20 years of the SCQF

Rob Wallen headshot - chair of SCQFP Board

Rob Wallen – Chair of SCQFP Board


To celebrate 20 years of the SCQF our current Chair of the Board, Rob Wallen, reflects on how the Scottish Credit and Qualifications Framework has been an essential tool in allowing educational change to take place in Scotland, facilitating lifelong learning and providing equality between academic and vocational qualifications.

 

During my career in education, as a teacher and as a manager, I have worked in four education systems – in Egypt, in China, In England and in Scotland – each of which was different from the others and had its strengths.

One particular strength of the Scottish education system in the 21st Century has been the increasingly high level of integration that has been achieved – integration between secondary, further and higher education, and integration between “academic” and “vocational” types of learning.

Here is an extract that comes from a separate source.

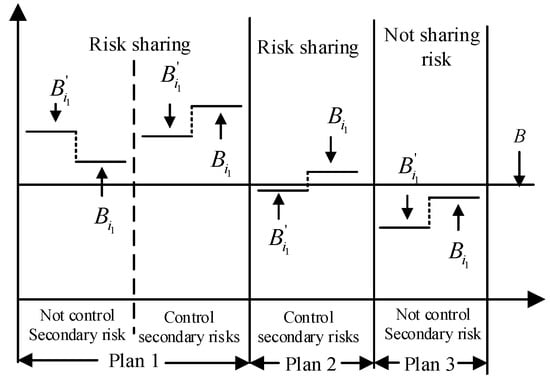 When a risk decision maker anticipates a risk control benefit denoted as B, they face a critical determination of whether to partake in risk sharing. This decision hinges on a careful evaluation of both the associated risk control costs and the potential benefits. The decision-maker’s choices can manifest in three distinct schemes: 1. if , the decision leans toward risk sharing. Moreover, in cases where the management of secondary risks promises loss reduction, the decision is to control those secondary risks, and vice versa. 2. In scenarios where , a potential strategy is to reduce losses through the control of secondary risks, aligning outcomes with expected returns, and thereby opting for risk sharing. 3. In situations where  simultaneous secondary risk management cannot ensure the desired returns, the choice is to avoid risk sharing. The alterations in risk control returns across these three schemes and their respective risk-sharing strategies are shown in Figure 2.

The situation in which your educational future – and employment prospects – were set in stone before you had reached your teens has increasingly been replaced with one where opportunities exist throughout life, and avenues exist to allow smooth transition between institutions, between “levels” of education and between vocational and academic qualifications.

 

For the past 20 years the Scottish Credit and Qualifications Framework has been an essential tool in allowing this change to take place in Scotland. It provides an objective, calibrated, quality-assured way of calculating and recording the complexity and breadth – the level and credit value – of different types of learning and training undertaken in different settings and institutions.

 

The Framework grew out of work that had been undertaken earlier to develop specific links between sectors of education – such as the SWAP programme to develop entry routes to universities for people who did not have Highers. But it was developed with a much more comprehensive integration in mind, showing how each type of learning can be “compared” and linked into effective pathways.

 

And it was developed by a partnership of institutions that represented all sections of the Scottish education system – Universities Scotland, the Quality Assurance Agency Scotland, the Scottish Qualifications Authority, and the College Development Network – with input from bodies that represent industry-specific training (such as the Scottish Training Federation) as well as Scottish Government – and as such it has unquestioned credibility and coherence.

 

The resulting Framework has stood the test of time and has developed in terms of the number and variety of qualifications that are included on it. There are now over 11,800 qualifications on the SCQF and around 1,100 of these are owned by public, private and third sector organisations such as the NHS, B-DACS and Young Enterprise Scotland. There are programmes on the SCQF that recognise the wider achievements of young people as well as many professional and vocational qualifications which support sectors such as the emergency services, management and leadership, oil and gas and construction.

 

It has provided the underpinning for many important developments – such as calibrating the educational achievement of asylum seekers against Scottish standards and the skills of forces veterans against civilian qualifications – so that they can find appropriate employment and maximise their contribution to Scottish society. The SCQF is regarded as a world-leading model that other nations aspire to emulate.

 

It is, when all is said, a fantastic resource that belongs to the people of Scotland and provides them with a highly effective way of realising the ambition to reduce educational and economic inequality and to realise the potential of all of its citizens.